To cut to the chase, the result favored by them was a society based on principles of individual rights that are identified by reference to human nature, a universal standard that can guide a social system to serve the best interest of all those who live under it. Seemingly paradoxically, the public interest or common good turned out to be what was in the interest of individual members of society as individuals and members of freely formed groups, not any group or the whole society or some such divisive faction of human beings. Protect the basic rights of all members of society and you will have achieved the public interest! Respect for and the protection of individual rights are what best serve the public!

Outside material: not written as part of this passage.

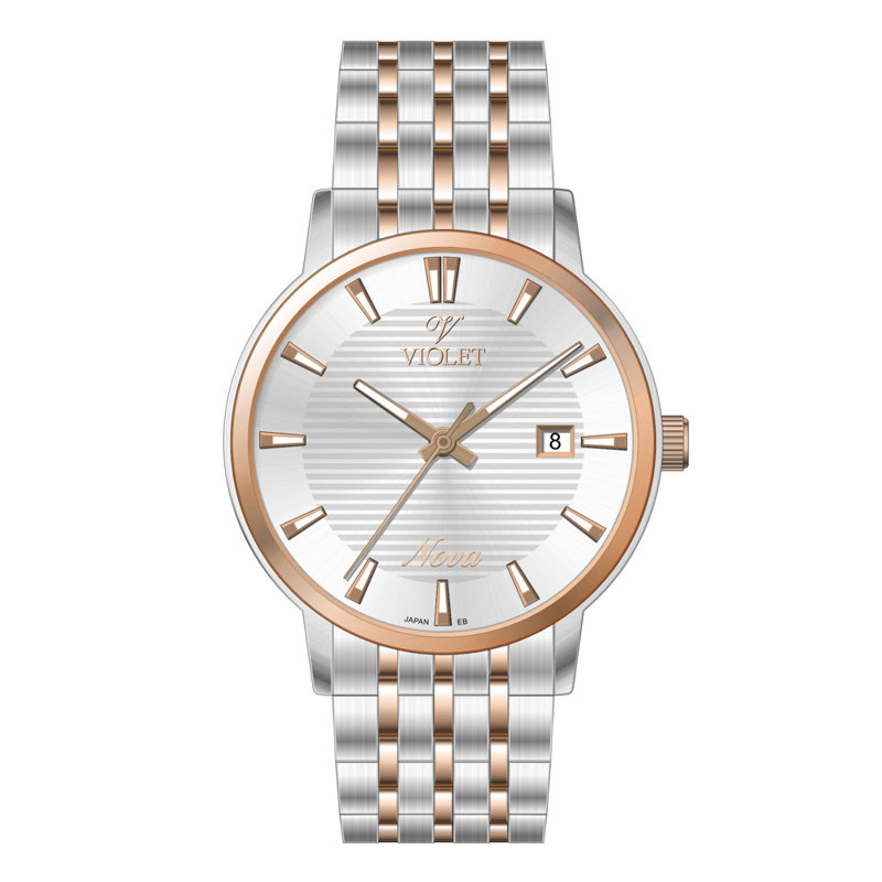 ساعت مچی ویولت، مردانه تک موتوره،گرد فلزی،دورنگ استیل رزگلد،صفحه نقره ای، کد 32762/2

Human beings are fundamentally individual persons and none may be tossed aside as they are being properly, justly governed.

A side effect of this discovery was that society may only be minimally governed, that government's scope must be severely limited, that all temptation to regiment the whole must be resisted except for never allowing individual rights to be violated, sacrificed no matter how important it may appear to do so! And that means no cause such as healing the sick or saving wild animals or promoting the fine arts or helping the poor and the children – none may serve to violate the rights of individual members of society. In some rare cases of emergency the task, once the emergency has been met, is to return to the project to identifying, securing, and protecting individual rights ASAP.